Whether it’s newspaper or magazine articles, recipes, paper items, tools, linens, kitchen items or tablecloths, Nordman shares one basic rule to make the downsizing process much easier: “Realistically, if you haven’t used it in the past five or six years, chances are pretty good you’re not going to need it, so it’s probably OK to let those things go,” she said.

When Nordman’s company surveys a customer’s property, it prioritizes the client’s wishes as well as where items that aren’t being sold or given to family members can find new homes.
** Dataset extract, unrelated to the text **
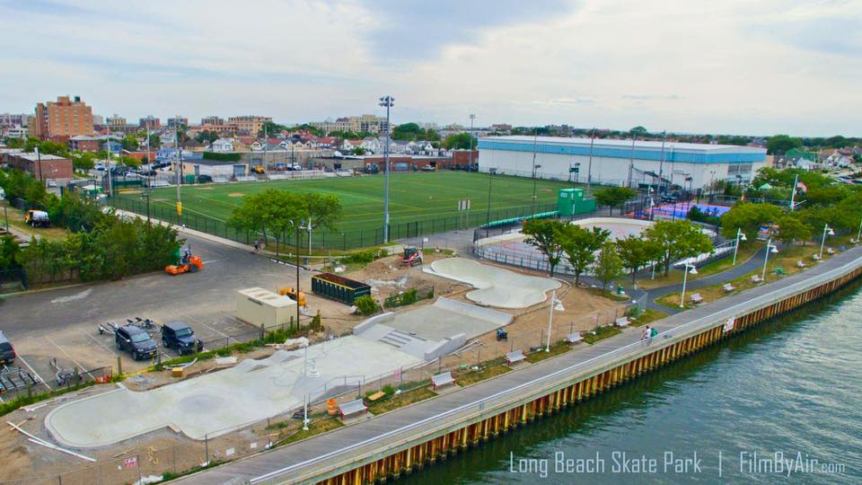 The new concrete skate park in Long Beach, NY is just about complete. They recently posted up an aerial shot of the actual park on The New Long Beach Skatepark Facebook page. Concrete is currently curing and should not be skated for a few weeks. Project is officially set to be completed by the end of Summer.

For example, kitchen items can be utilized by Household Goods Recyling of Massachusetts in Acton, yard tools by Habitat for Humanity, women’s clothing can make a difference at Abby’s House in Worcester, and More Than Words in Waltham has homes for all those books you’ll never open again.

Nordman estimates that 30 percent of her company’s business is caused by an “unanticipated transition” due to a sudden death or an illness forcing someone to move. “We can more than handle an emergency transition and we can do it really well — it takes the stress out of it for the family,” she said.

Resources: Household Goods Recyling of Massachusetts, www.hgrm.org/; Habitat for Humanity, www.habitat.org/; Abby’s House, www.abbyshouse.org/; More Than Words, mtwyouth.org/; NextStage Associates, www.nextstageassociates.com.